** Opening Material shown block **

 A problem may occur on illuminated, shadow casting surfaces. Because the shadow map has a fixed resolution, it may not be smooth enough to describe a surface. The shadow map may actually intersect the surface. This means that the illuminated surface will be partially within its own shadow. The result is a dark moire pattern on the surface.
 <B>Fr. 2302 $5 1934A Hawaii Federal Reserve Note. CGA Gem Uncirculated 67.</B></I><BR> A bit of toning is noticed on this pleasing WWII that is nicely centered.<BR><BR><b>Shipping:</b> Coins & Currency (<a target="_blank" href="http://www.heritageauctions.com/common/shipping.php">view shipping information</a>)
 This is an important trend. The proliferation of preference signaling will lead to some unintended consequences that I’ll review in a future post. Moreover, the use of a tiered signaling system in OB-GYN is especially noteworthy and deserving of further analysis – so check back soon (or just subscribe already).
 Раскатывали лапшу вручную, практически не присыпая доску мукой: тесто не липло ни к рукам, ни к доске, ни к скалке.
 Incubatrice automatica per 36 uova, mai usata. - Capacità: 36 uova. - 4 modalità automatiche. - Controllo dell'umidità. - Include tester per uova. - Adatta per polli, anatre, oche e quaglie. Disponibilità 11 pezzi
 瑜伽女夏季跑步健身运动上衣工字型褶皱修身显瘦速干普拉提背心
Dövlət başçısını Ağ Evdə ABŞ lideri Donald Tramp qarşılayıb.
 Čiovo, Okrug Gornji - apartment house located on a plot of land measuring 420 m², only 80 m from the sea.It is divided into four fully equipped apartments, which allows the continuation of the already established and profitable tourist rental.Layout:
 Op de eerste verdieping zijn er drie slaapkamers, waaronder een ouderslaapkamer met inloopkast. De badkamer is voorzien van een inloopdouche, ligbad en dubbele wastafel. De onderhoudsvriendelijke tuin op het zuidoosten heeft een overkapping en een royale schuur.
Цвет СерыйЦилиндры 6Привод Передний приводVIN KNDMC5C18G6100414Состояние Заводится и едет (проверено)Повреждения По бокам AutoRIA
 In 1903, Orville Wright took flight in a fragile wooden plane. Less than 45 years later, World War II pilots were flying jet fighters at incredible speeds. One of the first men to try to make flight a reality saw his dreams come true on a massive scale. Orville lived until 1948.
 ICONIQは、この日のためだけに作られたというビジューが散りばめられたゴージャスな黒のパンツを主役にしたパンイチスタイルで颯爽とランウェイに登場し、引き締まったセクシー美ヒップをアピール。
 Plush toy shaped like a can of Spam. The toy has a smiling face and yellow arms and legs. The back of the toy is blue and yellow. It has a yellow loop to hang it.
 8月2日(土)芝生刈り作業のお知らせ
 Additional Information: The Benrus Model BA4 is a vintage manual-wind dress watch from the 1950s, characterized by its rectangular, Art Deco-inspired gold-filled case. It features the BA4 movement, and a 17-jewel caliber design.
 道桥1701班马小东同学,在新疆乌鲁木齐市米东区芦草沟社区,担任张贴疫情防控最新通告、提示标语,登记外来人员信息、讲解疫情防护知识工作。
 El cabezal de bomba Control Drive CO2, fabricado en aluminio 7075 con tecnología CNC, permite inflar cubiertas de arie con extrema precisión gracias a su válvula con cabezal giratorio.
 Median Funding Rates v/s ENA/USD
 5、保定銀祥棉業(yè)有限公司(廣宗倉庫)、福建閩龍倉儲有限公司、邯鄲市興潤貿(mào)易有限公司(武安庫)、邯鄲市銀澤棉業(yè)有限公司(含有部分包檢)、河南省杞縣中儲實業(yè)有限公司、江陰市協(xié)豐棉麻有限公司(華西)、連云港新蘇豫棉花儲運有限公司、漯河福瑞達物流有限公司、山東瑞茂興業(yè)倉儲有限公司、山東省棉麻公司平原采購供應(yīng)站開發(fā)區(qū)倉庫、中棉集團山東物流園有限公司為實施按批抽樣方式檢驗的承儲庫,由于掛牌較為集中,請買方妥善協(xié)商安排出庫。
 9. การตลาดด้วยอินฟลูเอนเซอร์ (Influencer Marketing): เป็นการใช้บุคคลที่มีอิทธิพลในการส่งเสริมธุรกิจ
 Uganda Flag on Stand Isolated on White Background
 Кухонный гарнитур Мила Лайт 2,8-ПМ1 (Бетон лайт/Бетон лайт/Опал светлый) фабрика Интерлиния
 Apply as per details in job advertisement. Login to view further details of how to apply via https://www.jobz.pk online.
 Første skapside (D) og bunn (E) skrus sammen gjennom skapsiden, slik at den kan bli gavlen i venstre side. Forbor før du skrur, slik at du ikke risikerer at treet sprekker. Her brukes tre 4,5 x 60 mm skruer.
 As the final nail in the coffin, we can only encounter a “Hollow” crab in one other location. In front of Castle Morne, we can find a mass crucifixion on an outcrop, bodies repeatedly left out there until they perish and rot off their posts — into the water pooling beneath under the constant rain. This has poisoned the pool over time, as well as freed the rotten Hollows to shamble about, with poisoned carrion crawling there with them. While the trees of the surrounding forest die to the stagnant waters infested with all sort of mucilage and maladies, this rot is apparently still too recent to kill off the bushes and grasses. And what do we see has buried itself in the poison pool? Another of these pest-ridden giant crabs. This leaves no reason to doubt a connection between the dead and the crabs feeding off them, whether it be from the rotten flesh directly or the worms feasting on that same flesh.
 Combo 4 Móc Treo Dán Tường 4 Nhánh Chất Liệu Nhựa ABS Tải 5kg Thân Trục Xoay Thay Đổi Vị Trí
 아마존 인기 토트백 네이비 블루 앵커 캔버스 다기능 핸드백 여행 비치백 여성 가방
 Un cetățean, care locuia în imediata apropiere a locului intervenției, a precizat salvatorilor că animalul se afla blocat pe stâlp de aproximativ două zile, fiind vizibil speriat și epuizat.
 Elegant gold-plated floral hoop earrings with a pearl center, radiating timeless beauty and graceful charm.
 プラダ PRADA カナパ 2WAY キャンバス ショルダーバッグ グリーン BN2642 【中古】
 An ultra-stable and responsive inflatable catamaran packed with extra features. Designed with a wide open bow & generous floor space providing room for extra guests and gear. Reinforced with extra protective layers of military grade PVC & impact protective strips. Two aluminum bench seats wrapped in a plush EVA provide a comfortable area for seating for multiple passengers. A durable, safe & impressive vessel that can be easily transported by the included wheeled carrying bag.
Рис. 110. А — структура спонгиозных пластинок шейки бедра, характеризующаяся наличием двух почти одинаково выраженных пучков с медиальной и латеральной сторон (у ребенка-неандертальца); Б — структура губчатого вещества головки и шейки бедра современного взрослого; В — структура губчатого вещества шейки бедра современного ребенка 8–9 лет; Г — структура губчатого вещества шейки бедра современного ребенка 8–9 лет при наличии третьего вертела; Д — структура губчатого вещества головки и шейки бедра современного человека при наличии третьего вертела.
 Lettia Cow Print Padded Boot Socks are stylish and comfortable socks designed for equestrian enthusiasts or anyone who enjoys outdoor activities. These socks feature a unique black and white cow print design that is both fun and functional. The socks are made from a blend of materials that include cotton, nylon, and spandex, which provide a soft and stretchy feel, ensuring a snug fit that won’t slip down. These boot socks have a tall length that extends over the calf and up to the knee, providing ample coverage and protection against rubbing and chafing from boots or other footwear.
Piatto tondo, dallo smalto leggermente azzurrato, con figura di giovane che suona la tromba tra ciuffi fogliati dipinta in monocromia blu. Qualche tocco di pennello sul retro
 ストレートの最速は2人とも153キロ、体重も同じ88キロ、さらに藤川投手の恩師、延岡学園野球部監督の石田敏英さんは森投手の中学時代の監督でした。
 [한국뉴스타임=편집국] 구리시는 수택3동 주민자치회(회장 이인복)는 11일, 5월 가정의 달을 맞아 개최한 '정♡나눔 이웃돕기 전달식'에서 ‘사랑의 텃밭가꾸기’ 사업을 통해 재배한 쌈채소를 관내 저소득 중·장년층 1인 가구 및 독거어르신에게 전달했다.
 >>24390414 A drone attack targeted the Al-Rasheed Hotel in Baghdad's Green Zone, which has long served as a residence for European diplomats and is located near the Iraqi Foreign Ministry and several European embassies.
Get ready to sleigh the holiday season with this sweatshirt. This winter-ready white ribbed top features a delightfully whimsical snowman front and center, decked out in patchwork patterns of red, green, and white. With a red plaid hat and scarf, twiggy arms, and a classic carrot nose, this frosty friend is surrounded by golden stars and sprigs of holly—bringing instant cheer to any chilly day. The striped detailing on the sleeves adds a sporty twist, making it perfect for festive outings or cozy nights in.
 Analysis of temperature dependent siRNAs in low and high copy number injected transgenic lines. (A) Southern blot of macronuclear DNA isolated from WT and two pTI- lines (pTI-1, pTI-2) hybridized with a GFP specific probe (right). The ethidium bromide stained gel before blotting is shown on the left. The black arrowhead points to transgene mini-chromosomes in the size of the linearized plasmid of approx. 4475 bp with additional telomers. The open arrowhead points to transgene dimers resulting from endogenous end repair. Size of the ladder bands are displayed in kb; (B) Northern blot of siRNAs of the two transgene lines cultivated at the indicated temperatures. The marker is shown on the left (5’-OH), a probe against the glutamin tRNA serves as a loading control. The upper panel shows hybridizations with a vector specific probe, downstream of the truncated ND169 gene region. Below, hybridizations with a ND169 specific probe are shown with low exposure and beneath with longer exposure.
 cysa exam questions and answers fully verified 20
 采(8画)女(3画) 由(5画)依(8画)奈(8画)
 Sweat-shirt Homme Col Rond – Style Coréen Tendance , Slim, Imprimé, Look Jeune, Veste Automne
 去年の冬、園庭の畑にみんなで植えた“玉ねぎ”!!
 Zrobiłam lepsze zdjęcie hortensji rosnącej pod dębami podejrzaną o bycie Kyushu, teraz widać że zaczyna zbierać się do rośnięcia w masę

** Closing Material shown block **

# Task goal
Return every line in the records that includes the string "already".

# Response
 This is an important trend. The proliferation of preference signaling will lead to some unintended consequences that I’ll review in a future post. Moreover, the use of a tiered signaling system in OB-GYN is especially noteworthy and deserving of further analysis – so check back soon (or just subscribe already).
 Čiovo, Okrug Gornji - apartment house located on a plot of land measuring 420 m², only 80 m from the sea.It is divided into four fully equipped apartments, which allows the continuation of the already established and profitable tourist rental.Layout:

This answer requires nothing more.